→ Your objective
Using the records below, transcribe word for word the stretch from the line that contains "- Подсветку. Она" through the line that contains "This chart shows", both end lines included, and nothing else.

→ Given records
----------

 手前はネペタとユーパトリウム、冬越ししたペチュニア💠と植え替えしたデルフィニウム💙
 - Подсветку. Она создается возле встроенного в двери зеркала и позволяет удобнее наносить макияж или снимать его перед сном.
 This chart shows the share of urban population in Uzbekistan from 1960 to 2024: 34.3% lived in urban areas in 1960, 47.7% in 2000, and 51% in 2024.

----------

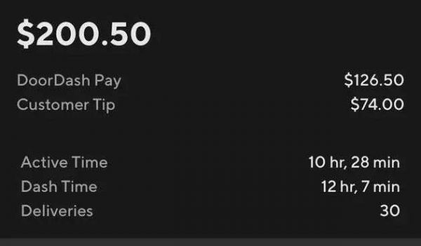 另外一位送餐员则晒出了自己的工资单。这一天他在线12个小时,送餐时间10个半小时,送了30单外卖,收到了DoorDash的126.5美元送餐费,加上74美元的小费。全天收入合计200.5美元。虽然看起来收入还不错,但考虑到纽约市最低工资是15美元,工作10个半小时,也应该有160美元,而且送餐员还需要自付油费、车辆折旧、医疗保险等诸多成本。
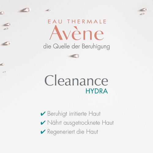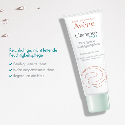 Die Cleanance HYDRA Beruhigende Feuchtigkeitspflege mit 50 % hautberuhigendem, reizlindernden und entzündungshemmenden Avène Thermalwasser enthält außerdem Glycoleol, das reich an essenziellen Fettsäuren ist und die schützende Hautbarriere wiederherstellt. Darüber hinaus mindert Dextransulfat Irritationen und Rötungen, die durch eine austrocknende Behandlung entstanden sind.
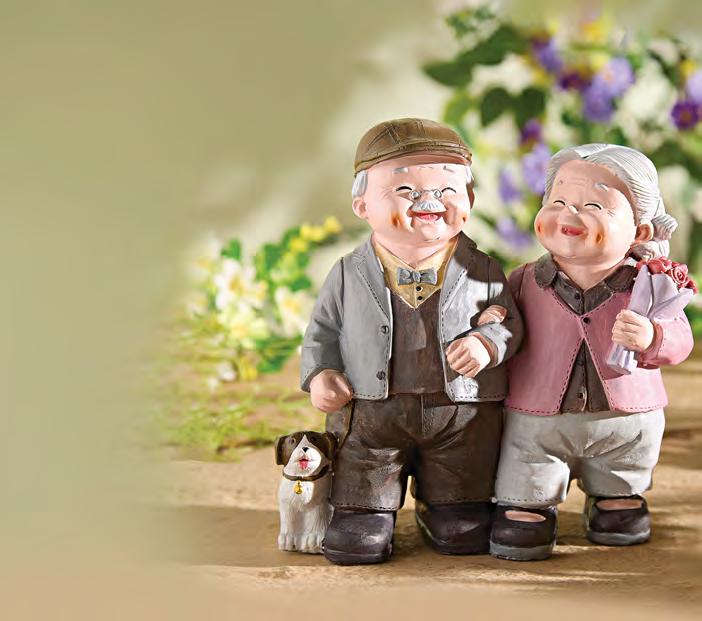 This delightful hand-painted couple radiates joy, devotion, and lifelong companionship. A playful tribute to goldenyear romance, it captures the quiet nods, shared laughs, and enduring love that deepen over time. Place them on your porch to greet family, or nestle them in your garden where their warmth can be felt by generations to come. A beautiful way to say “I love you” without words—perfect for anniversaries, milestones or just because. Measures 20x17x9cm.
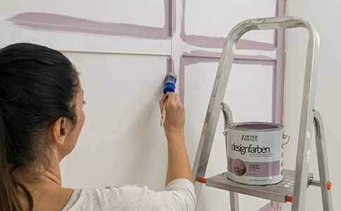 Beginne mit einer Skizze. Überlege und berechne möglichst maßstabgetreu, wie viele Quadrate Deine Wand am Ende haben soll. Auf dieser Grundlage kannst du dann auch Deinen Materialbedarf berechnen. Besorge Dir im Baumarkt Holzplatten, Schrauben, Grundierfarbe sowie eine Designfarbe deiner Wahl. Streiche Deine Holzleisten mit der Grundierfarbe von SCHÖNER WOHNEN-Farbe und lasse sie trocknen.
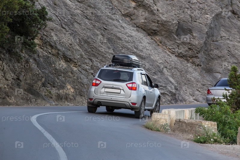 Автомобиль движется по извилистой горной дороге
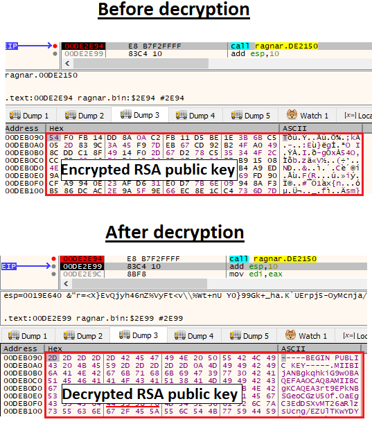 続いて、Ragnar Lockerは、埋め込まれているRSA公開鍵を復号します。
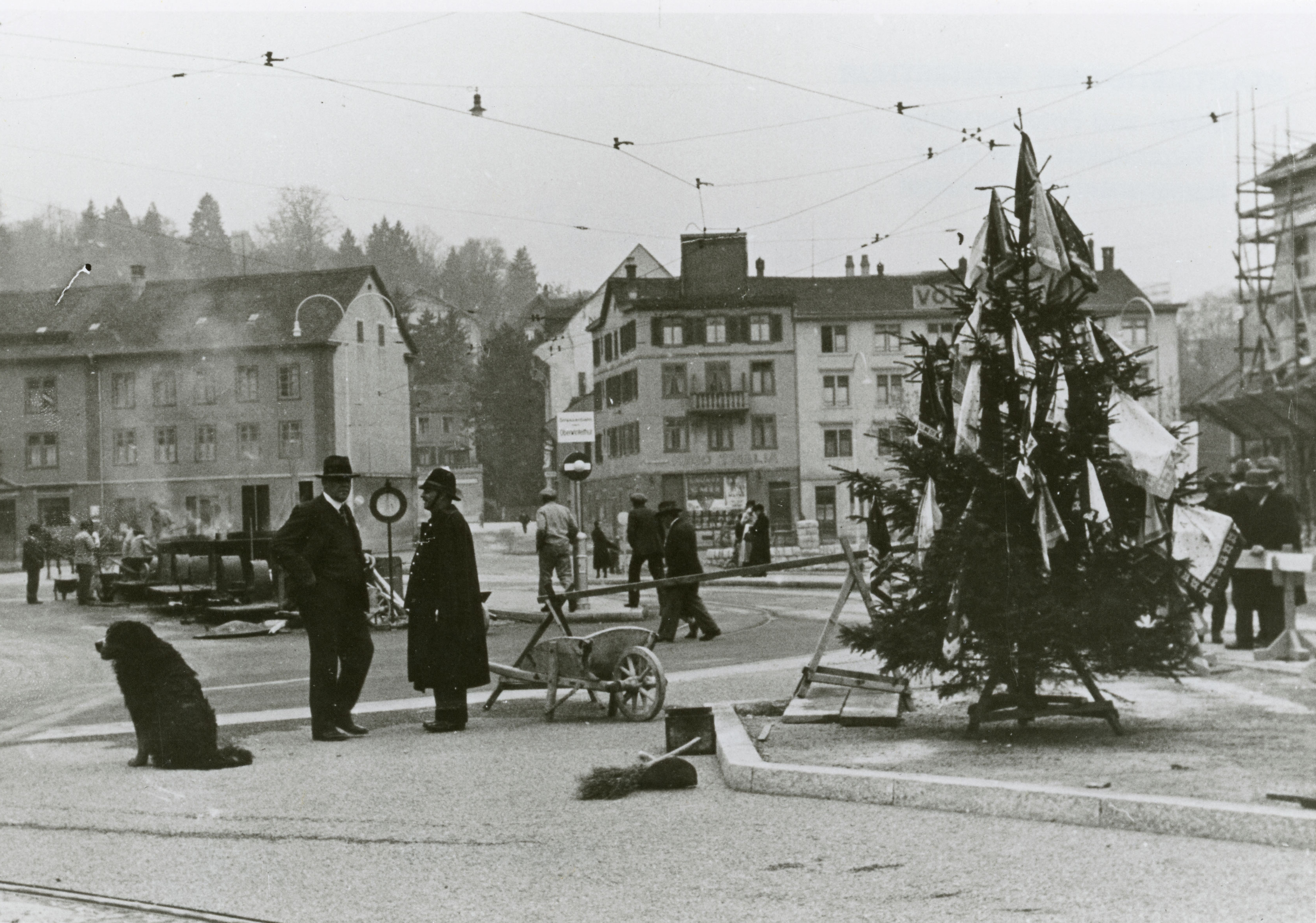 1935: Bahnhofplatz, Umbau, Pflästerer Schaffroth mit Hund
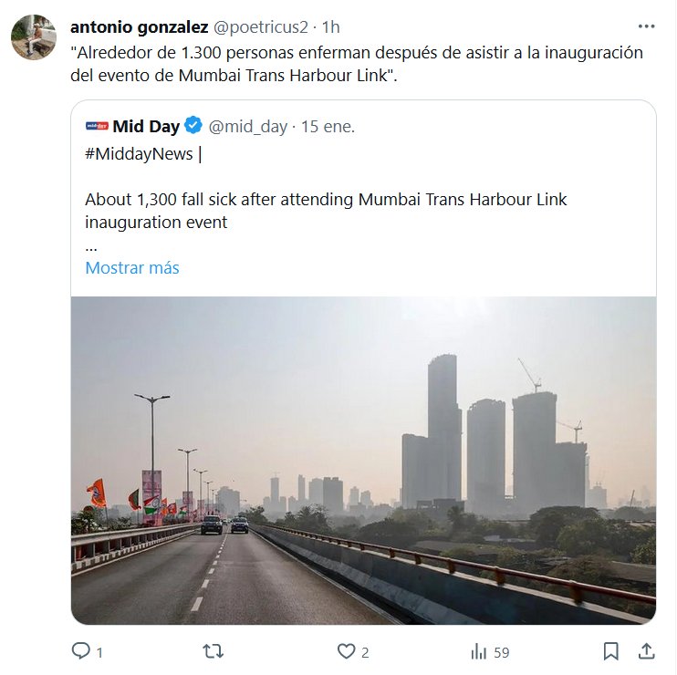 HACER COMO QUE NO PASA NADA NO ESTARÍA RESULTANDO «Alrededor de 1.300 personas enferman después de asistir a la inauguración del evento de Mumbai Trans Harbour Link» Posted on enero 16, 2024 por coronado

----------

→ Task result
 - Подсветку. Она создается возле встроенного в двери зеркала и позволяет удобнее наносить макияж или снимать его перед сном.
 This chart shows the share of urban population in Uzbekistan from 1960 to 2024: 34.3% lived in urban areas in 1960, 47.7% in 2000, and 51% in 2024.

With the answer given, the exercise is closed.